Channel 4 welcomed the decision to end the pursuit of privatisation, with chief executive Alex Mahon saying: “The principle of public ownership for Channel 4 is now set for the foreseeable future, a decision which allows us to be even more of a power in the digital world.
“Channel 4 is innovative, editorially brilliant and loved by audiences that others don’t reach, most of all the young and underrepresented.”
Channel 4 was created in 1982 by the Conservative government of Baroness Thatcher and is entirely funded by advertising, out of public ownership.
A Yougov poll in April found that 47% of UK adults were against the privatisation, with 14% in favour and 39% unsure. Some 27% of Conservative voters were in support, compared to just 6% of Labour voters.

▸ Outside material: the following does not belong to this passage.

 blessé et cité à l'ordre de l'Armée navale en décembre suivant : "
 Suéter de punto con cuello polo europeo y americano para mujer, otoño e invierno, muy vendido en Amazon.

The National Union of Journalists had called the proposed sell-off “bad for journalism and bad for the United Kingdom” while ITN had warned that a guarantee of the channel’s news provision including that it should remain an hour-long programme in a fixed slot would be necessary in the event of the sale. Channel 4 News anchor Krishnan Guru-Murthy this year described the channel as “the definition of a citizen-serving media entity”.
On Wednesday the NUJ welcomed initial reports of the change of plan, saying: “Privatisation of Channel 4 threatens quality journalism, jobs and creativity. Government should never have proposed the sell-off.”

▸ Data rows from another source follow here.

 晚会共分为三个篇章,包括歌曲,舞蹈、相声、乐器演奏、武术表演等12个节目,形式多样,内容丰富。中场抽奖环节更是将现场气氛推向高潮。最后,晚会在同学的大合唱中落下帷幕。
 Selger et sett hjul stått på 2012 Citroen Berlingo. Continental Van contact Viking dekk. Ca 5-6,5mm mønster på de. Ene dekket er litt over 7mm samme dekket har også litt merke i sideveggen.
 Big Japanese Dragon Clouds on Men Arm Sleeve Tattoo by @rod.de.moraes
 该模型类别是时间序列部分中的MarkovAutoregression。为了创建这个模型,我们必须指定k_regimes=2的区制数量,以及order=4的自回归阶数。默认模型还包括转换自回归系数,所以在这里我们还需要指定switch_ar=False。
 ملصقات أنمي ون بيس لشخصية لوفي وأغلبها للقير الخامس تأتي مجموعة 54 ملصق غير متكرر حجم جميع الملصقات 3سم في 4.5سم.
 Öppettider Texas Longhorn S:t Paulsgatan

Donelan, who was appointed by Liz Truss and remained in the role after Sunak took over as Prime Minister, had previously cast doubt on plans to privatise the broadcaster.
She said she was re-examining the “business case” to make sure “we still agree with that decision”.
When the Government announced plans last year to take the channel out of public ownership, it said it was so the broadcaster can better survive in a media landscape dominated by the likes of Netflix and Amazon.
Labour’s shadow culture secretary Lucy Powell described the proposed privitation as a “vendetta” against Channel 4 by the Conservatives and a “complete waste of everyone’s time”, calling for the planned Media Bill to be made law and give Ofcom powers to regulate streaming companies like Netflix.
“Labour opposed this sell off, and took a strong stand. Government must now bring forward the Media Bill to protect and promote Britain’s broadcasters in the streaming age,” Powell said.